Simulating discrete and continuous populations

how-to
notes
genetics
How to simulate populations
Author

Temi

Published

May 13, 2022

show code
library(gtools) # a library

Introduction

Oftentimes, we want to simulate populations in order to do some analysis. In this demo, I go over a, perhaps, crude way to mimic discrete and continuous populations. Before simulating, we need to know what a population is. In genetics, a population is a grouping of individuals based on some similarity in allele frequencies between them. Of course, there are many other definitions of what a population is. In this demo, I will use the definition based on allele frequencies.

One way to generate allele frequencies that mimic that seen in typical populations is to use the \(F_{ST}\), AKA the fixation index, AKA F-statistic. \(F_{ST}\) measures population differentiation as a result of genetic structure.
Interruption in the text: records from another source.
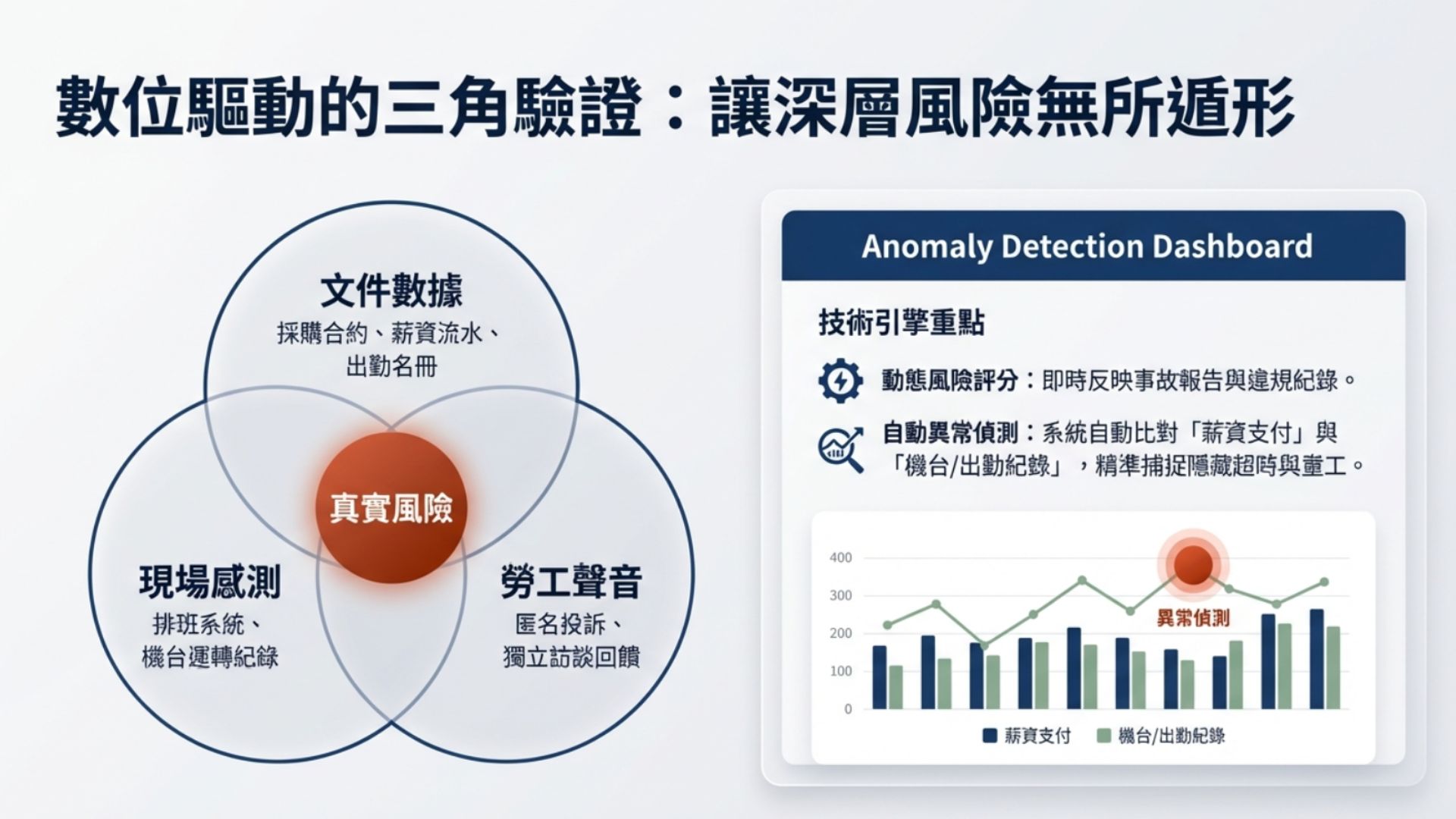 - 工人回饋管道: 投訴案件、匿名調查與通訊紀錄,作為主觀風險訊號的量化來源。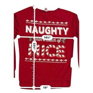 Ugly Christmas sweater, naughty, nice, Santa‘s list, red, cute Christmas sweater, juniors, extra small, size one, super soft, good use condition, fast shipping, women’s, daughter, sister, son, unisex, mom, aunt, uncle, dad, secret Santa, white elephant, holidays, holiday party, office party, XS,
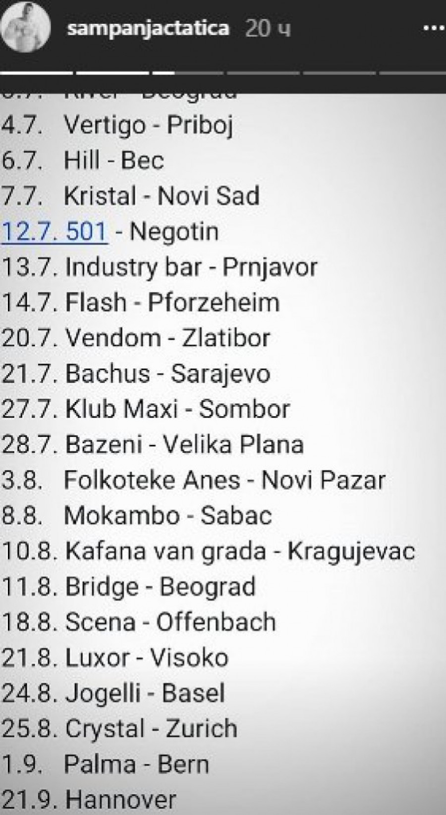 Sloba je uveliko počeo da nastupa, a sada je na svom Instagram profilu u okviru storija objavio spisak svojih nastupa za ovo leto.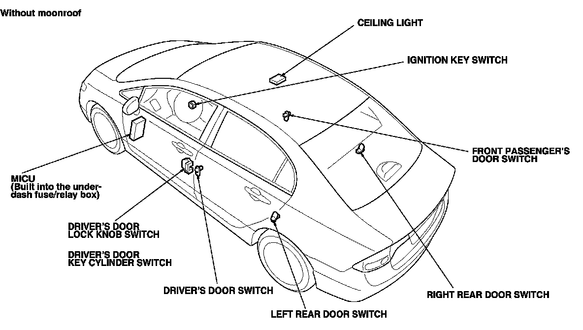 Entry Lights Control System Component Location Index (4-Door With Moonroof)

Values range between 0 and 1, and higher values mean that two populations are highly similar. There are many definitions of \(F_{ST}\), depending on what you are discussing - and I am still learning about most of them. In this case, however, I am primarily concerned with allele frequency-related definitions.

Simulating discrete populations

To simulate populations based on the definition of \(F_{ST}\), one thing we can do is to simulate an ancestral population’s allele frequencies. This is similar to having a founder population from which every other population descends. Afterwards, we can simulate different populations from this ancestral population. This follows from the Balding-Nichols model.

\[\begin{align} Beta(\frac{1-F}{F}p, \frac{1-F}{F}(1-p)) \end{align}\]

Assume that we have 500 alleles/loci, and 4 populations, and we intend to simulate 1000 individuals from each of these populations. We can define our \(F_{ST}\) to be, say, 0.09 between populations 1 and 2, 0.19 between populations 1 and 2, and population 3, and 0.4 between all these populations, and population 4. Therefore, populations 1 and 2 will be closely related, and different from population 3, and all of them will be different from population 4.

show code
M <- 500 # number of alleles or SNPs
n_pops <- 4 # number of populations
N <- 1000 # 20 individuals in each n_pops
f_pop12 <- 0.09
f_pop3 <- 0.19 # a third, distant, unrelated population
f_pop4 <- 0.4 # a fourth population

When we make plots of the allele frequencies of these populations, we expect high correlations between populations 1 and 2, and not-so-high correlations when we compare with the other populations 3 and 4.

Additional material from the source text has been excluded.